_Provided material_
▽

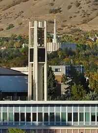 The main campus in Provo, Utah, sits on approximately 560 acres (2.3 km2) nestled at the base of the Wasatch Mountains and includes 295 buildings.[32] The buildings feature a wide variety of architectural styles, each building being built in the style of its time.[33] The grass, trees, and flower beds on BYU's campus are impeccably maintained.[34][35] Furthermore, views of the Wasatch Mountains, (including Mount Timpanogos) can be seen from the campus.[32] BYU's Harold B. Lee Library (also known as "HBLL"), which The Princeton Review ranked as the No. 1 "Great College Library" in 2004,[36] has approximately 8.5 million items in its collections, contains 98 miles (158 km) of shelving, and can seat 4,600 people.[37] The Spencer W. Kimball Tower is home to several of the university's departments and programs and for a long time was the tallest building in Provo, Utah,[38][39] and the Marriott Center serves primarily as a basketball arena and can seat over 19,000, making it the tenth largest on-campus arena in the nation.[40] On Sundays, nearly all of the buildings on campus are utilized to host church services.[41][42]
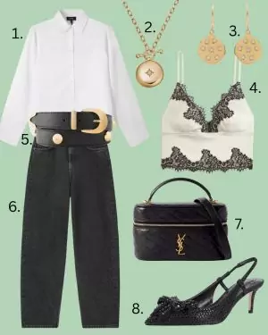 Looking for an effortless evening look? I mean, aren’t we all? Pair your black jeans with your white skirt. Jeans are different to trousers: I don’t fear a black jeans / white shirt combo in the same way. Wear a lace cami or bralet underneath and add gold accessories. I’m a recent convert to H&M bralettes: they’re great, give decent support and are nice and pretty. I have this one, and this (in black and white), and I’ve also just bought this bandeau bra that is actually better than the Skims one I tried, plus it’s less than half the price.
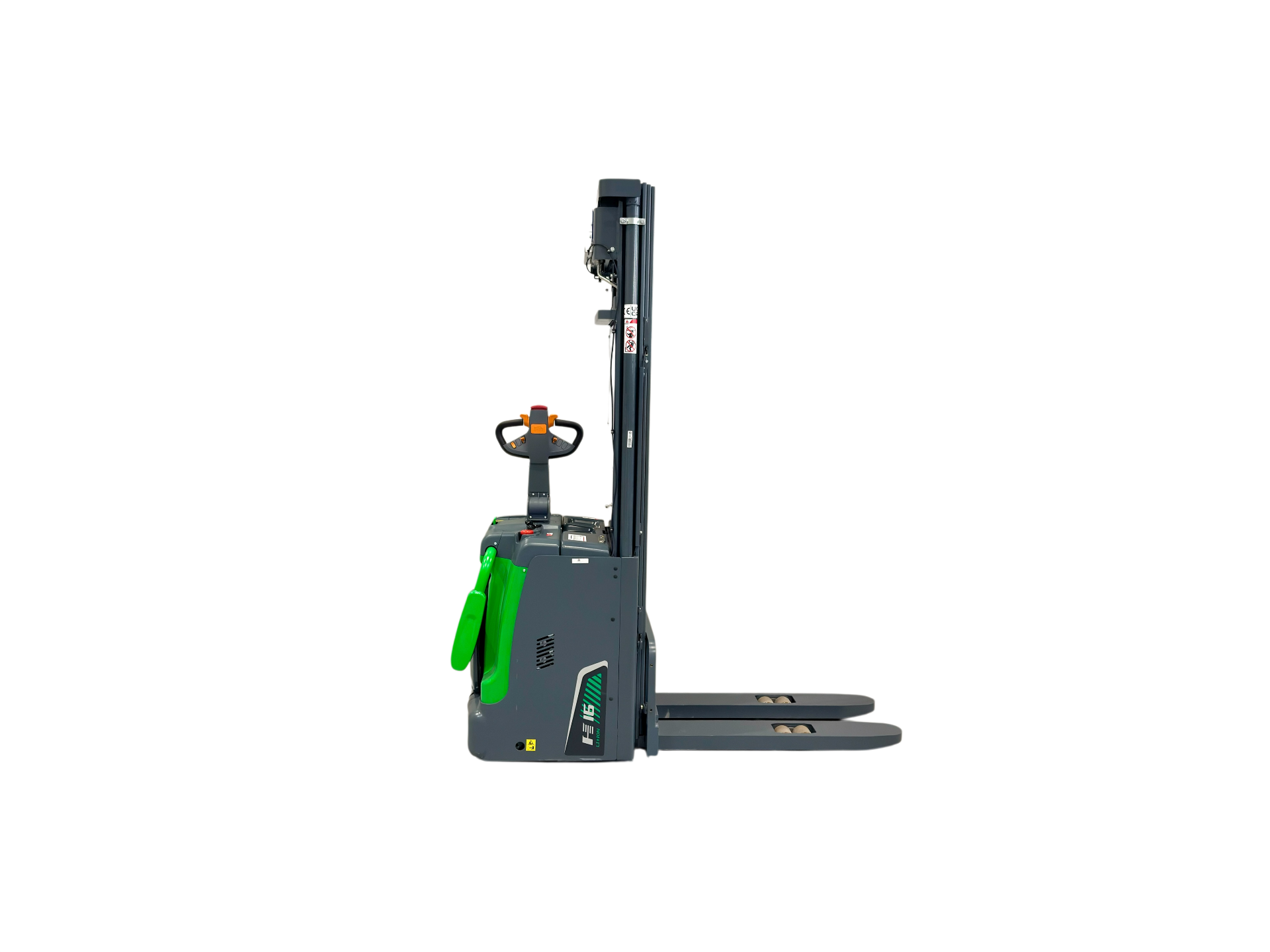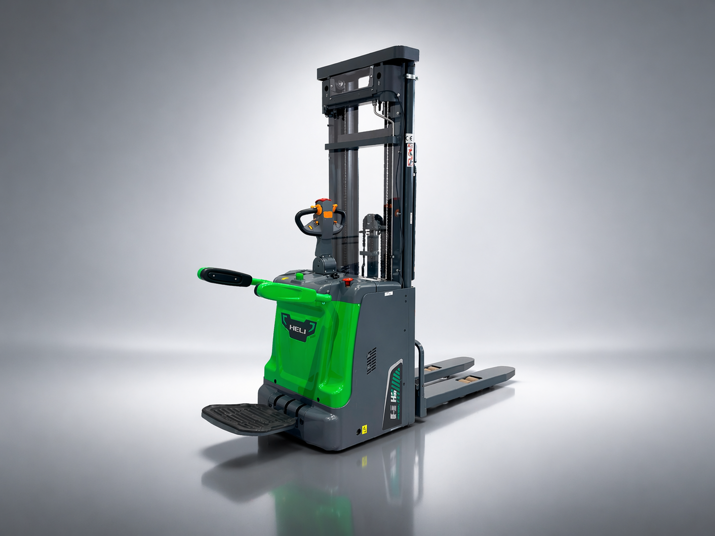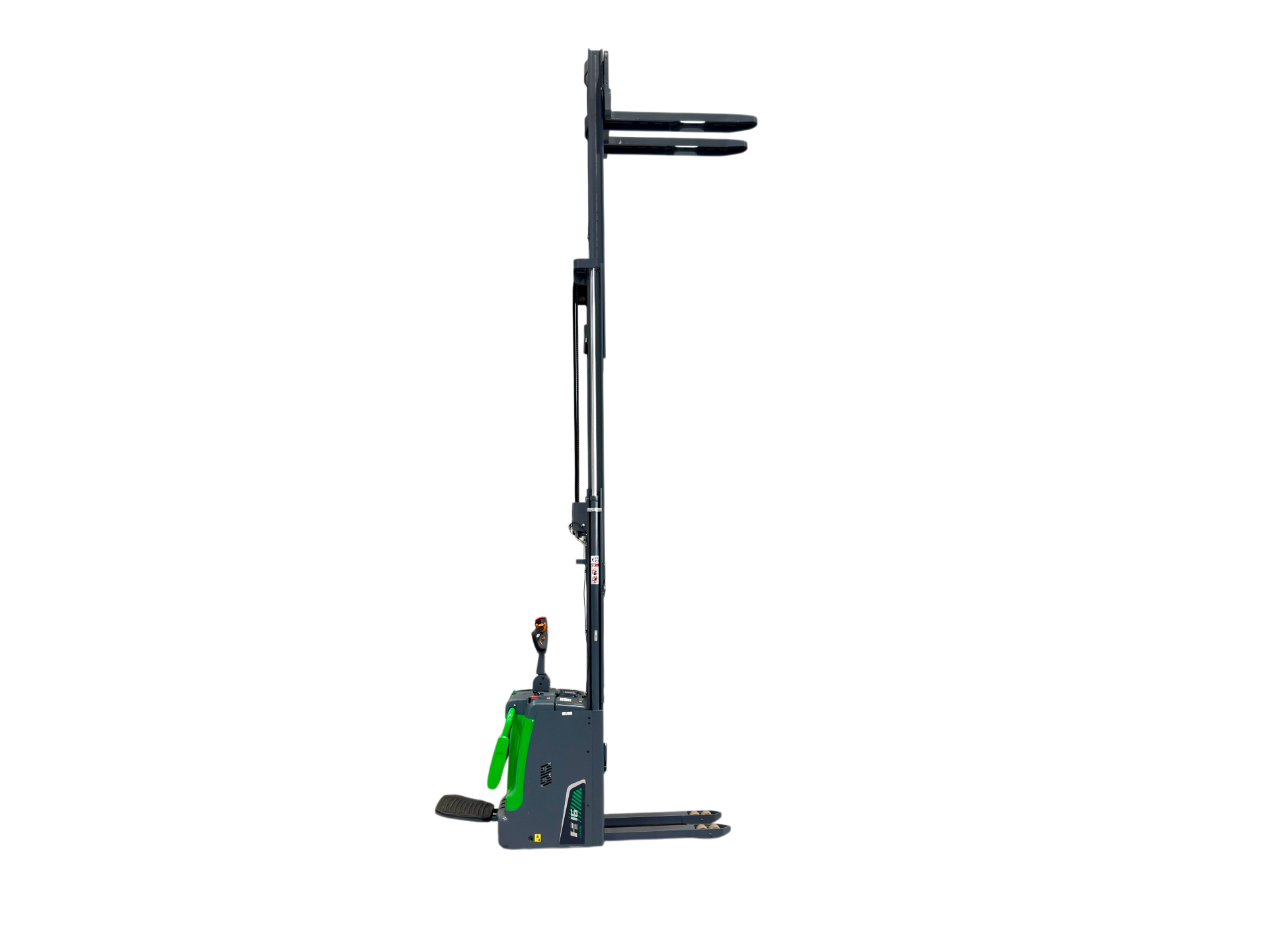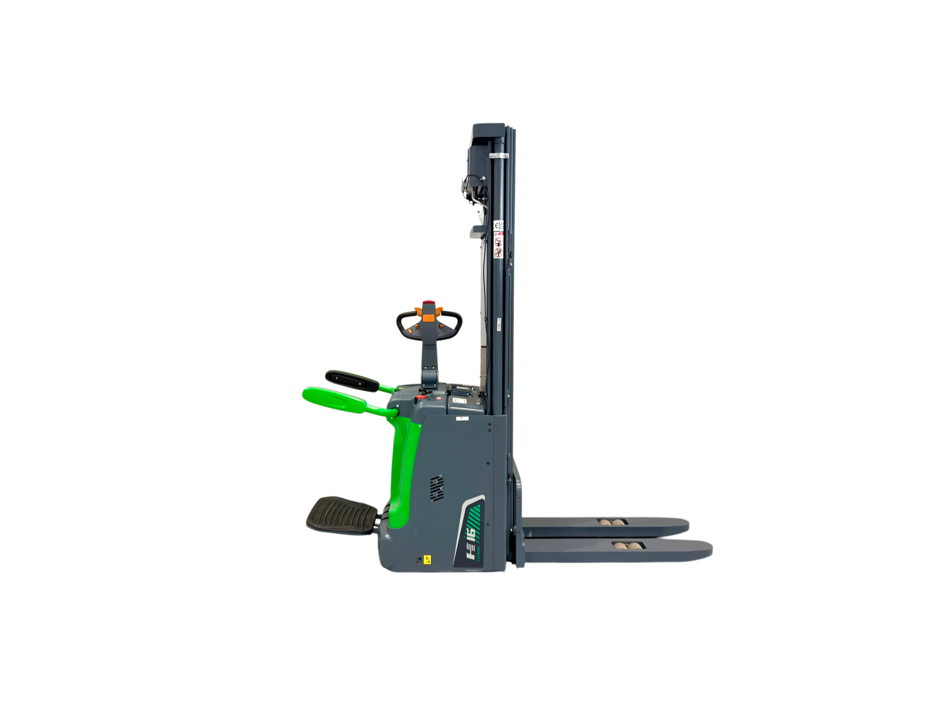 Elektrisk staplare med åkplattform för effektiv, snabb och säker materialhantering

△
▽

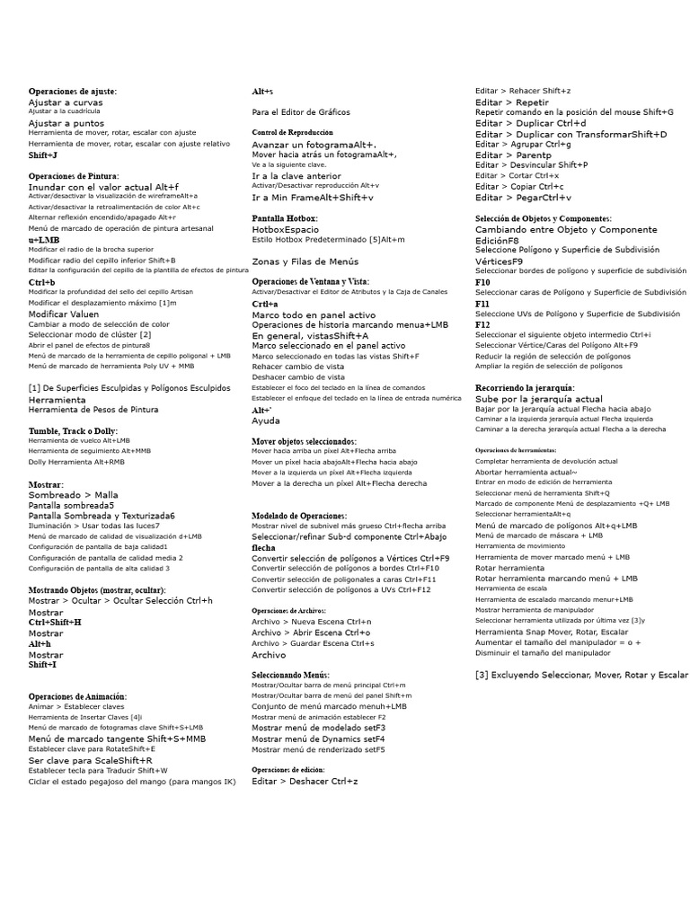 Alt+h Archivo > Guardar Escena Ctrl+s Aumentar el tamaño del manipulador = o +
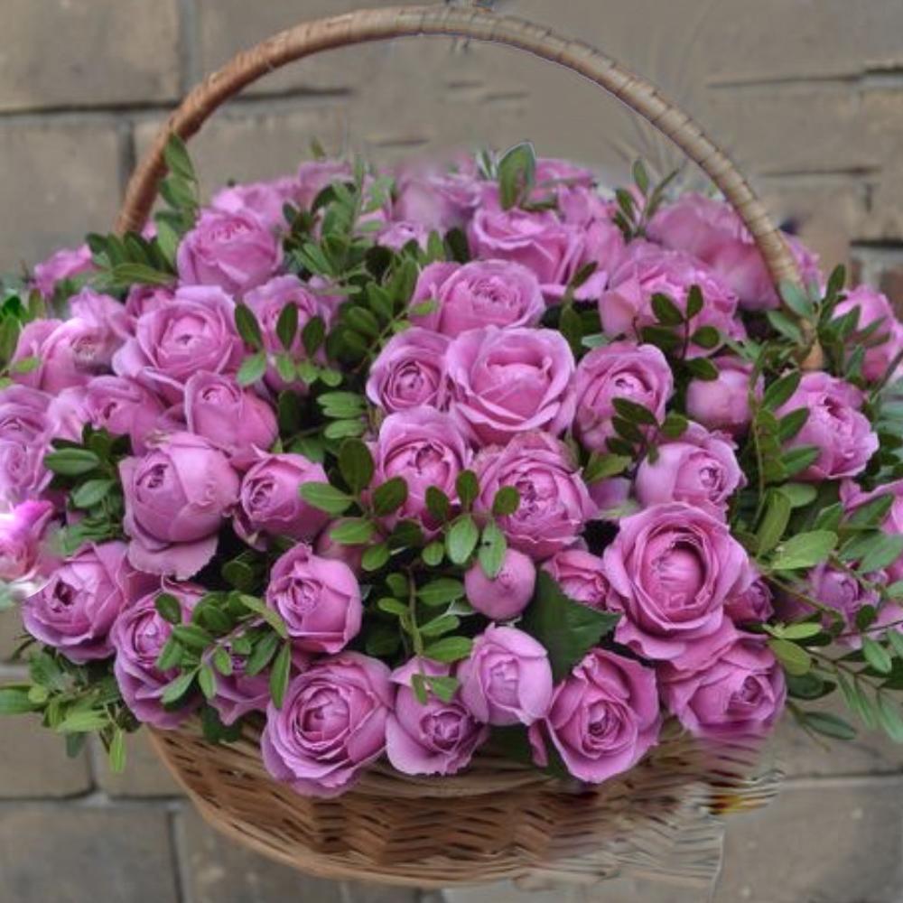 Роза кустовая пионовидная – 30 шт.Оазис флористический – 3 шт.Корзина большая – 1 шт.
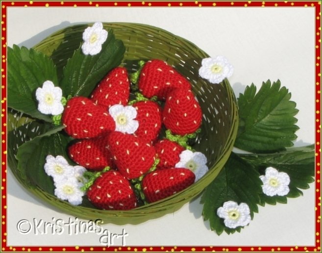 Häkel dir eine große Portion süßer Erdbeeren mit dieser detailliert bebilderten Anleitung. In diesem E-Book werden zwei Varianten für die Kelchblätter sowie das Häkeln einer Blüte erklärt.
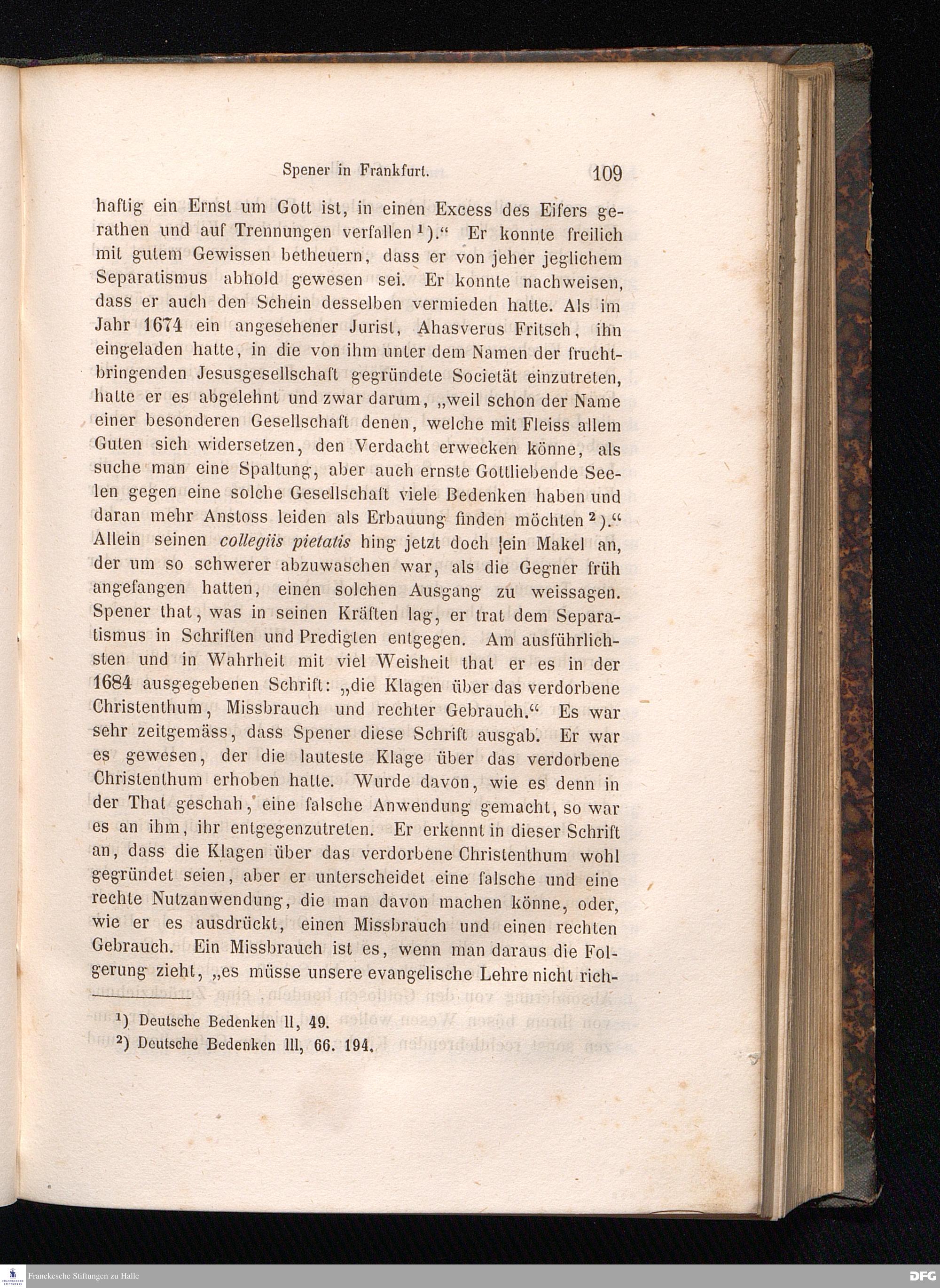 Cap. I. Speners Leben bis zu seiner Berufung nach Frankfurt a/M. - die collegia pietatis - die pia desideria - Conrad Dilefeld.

△

_Requirement_
What you write must match the listing exactly, from the line with "Häkel dir eine" up to and including the line with "Cap. I. Speners". Pictures stay out.

_Task solution_
 Häkel dir eine große Portion süßer Erdbeeren mit dieser detailliert bebilderten Anleitung. In diesem E-Book werden zwei Varianten für die Kelchblätter sowie das Häkeln einer Blüte erklärt.
 Cap. I. Speners Leben bis zu seiner Berufung nach Frankfurt a/M. - die collegia pietatis - die pia desideria - Conrad Dilefeld.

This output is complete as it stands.